[[ Given information open ]]

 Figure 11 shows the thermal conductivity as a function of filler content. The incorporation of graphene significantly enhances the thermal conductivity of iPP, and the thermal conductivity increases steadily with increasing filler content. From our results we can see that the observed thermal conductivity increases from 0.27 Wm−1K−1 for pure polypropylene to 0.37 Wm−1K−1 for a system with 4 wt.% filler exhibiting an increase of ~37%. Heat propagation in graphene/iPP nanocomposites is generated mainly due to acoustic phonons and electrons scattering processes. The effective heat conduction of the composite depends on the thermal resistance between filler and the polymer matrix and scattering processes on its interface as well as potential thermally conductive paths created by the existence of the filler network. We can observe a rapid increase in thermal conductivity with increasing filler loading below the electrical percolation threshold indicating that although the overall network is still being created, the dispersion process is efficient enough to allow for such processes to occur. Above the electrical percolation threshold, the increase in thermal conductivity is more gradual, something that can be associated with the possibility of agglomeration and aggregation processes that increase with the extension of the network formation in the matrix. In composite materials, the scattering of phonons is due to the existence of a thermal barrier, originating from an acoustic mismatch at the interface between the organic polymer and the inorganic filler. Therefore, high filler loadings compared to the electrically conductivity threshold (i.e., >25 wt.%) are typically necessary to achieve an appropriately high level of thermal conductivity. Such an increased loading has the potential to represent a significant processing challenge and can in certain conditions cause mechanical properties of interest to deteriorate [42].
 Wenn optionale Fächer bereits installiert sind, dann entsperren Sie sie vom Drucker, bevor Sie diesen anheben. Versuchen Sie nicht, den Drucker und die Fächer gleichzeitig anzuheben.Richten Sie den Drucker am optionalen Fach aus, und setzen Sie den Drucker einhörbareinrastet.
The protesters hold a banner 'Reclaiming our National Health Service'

[[ Given information closed ]]
[[ Given information open ]]

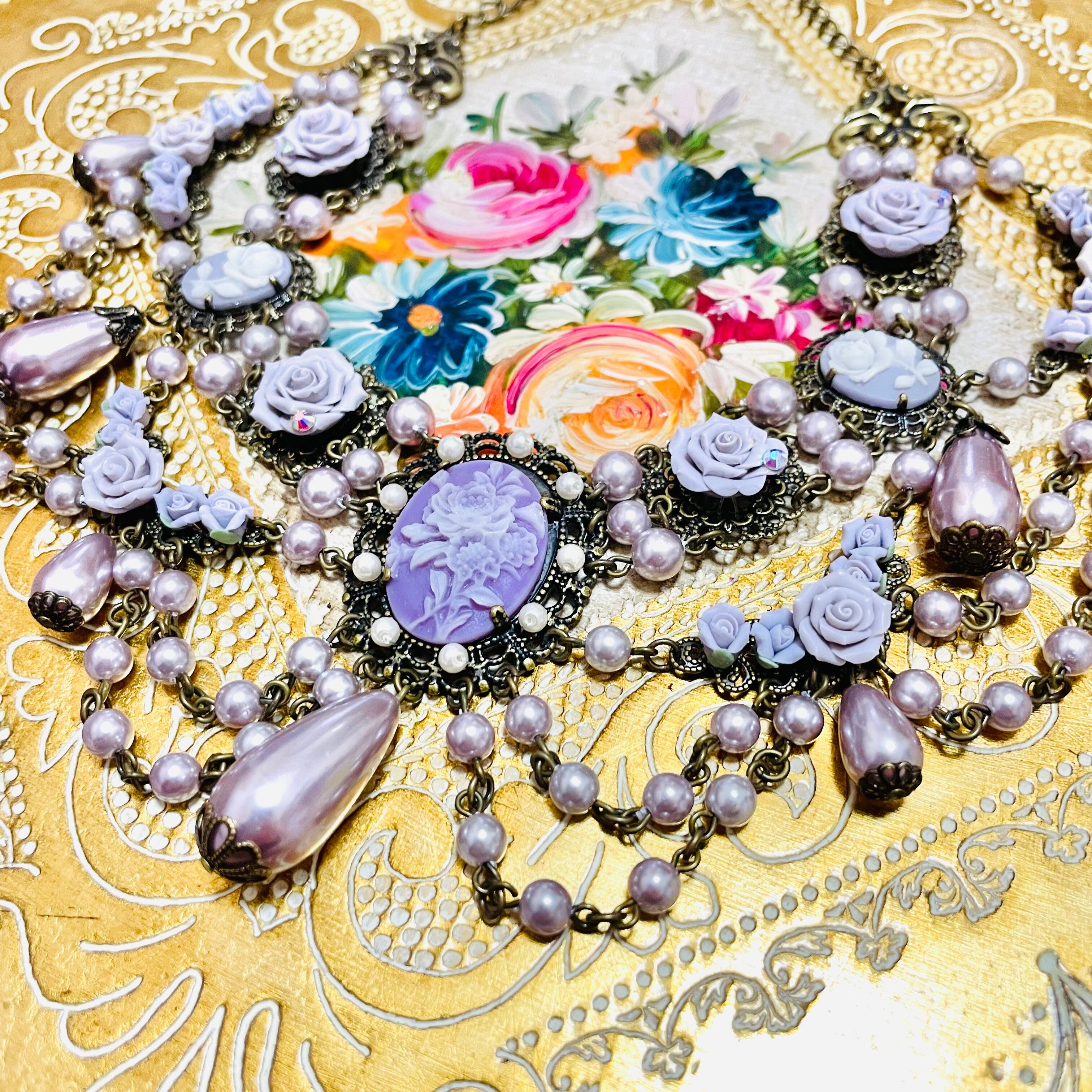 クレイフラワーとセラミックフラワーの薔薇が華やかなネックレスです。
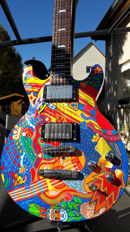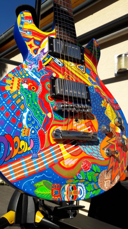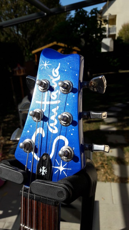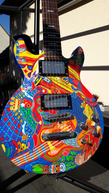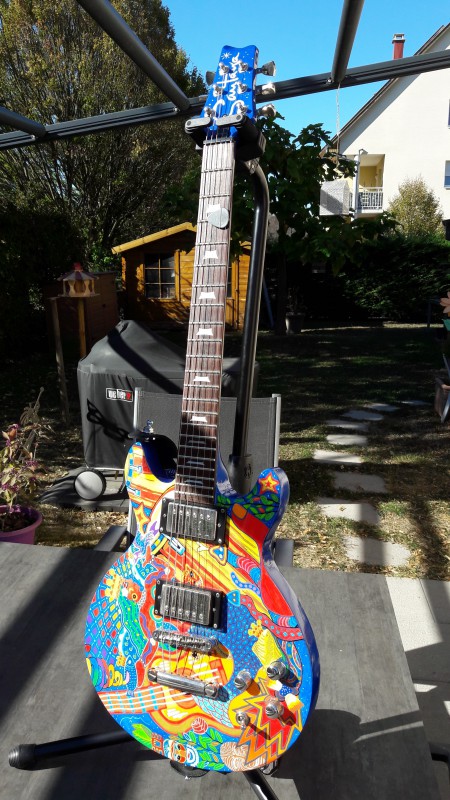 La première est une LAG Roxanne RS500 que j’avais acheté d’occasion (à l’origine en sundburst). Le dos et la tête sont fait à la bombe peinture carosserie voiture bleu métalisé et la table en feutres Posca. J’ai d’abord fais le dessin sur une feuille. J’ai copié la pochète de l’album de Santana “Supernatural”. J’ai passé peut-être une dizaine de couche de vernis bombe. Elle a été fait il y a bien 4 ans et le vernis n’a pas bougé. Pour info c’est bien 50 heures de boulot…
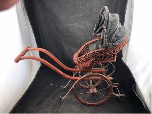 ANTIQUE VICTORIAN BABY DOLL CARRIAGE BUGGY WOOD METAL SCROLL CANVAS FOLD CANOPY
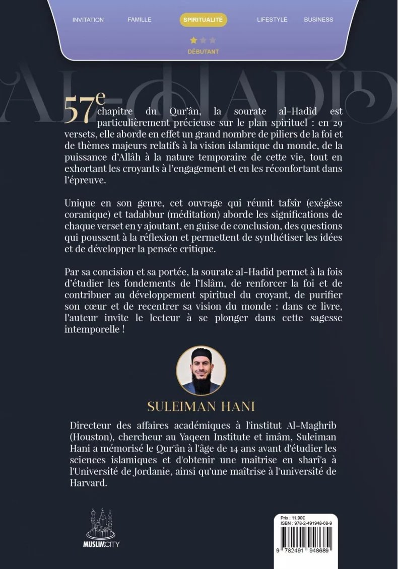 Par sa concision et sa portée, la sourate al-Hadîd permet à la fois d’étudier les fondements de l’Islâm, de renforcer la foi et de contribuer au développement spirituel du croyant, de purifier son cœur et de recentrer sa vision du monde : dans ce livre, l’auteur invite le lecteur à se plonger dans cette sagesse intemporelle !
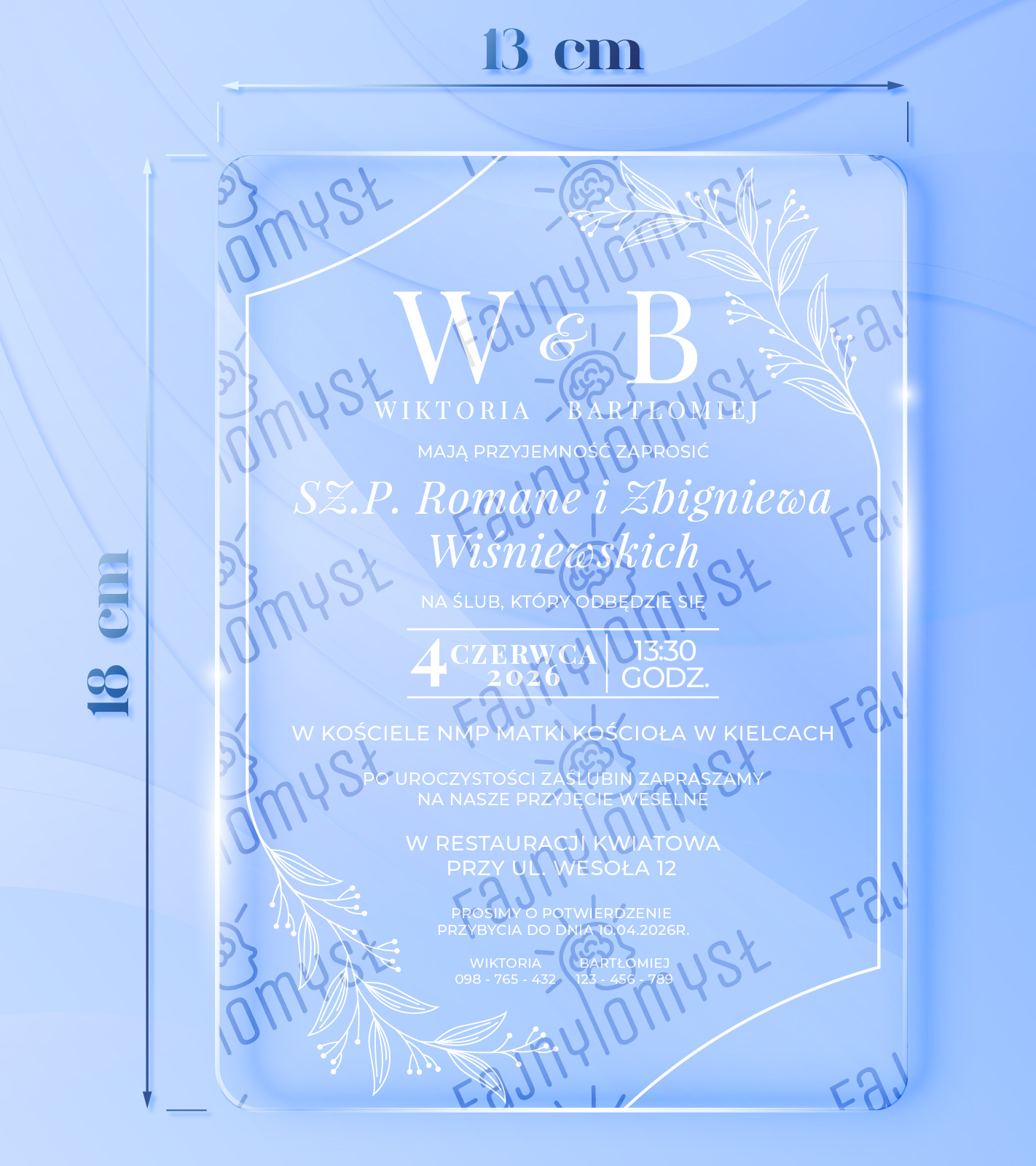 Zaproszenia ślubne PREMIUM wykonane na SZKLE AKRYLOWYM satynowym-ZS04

[[ Given information closed ]]

> **What is expected**: Look above for the line with "ANTIQUE VICTORIAN BABY" and the line with "Zaproszenia ślubne PREMIUM". Output those two and everything between them exactly, pictures excluded.

> **Completed task**:
 ANTIQUE VICTORIAN BABY DOLL CARRIAGE BUGGY WOOD METAL SCROLL CANVAS FOLD CANOPY
 Par sa concision et sa portée, la sourate al-Hadîd permet à la fois d’étudier les fondements de l’Islâm, de renforcer la foi et de contribuer au développement spirituel du croyant, de purifier son cœur et de recentrer sa vision du monde : dans ce livre, l’auteur invite le lecteur à se plonger dans cette sagesse intemporelle !
 Zaproszenia ślubne PREMIUM wykonane na SZKLE AKRYLOWYM satynowym-ZS04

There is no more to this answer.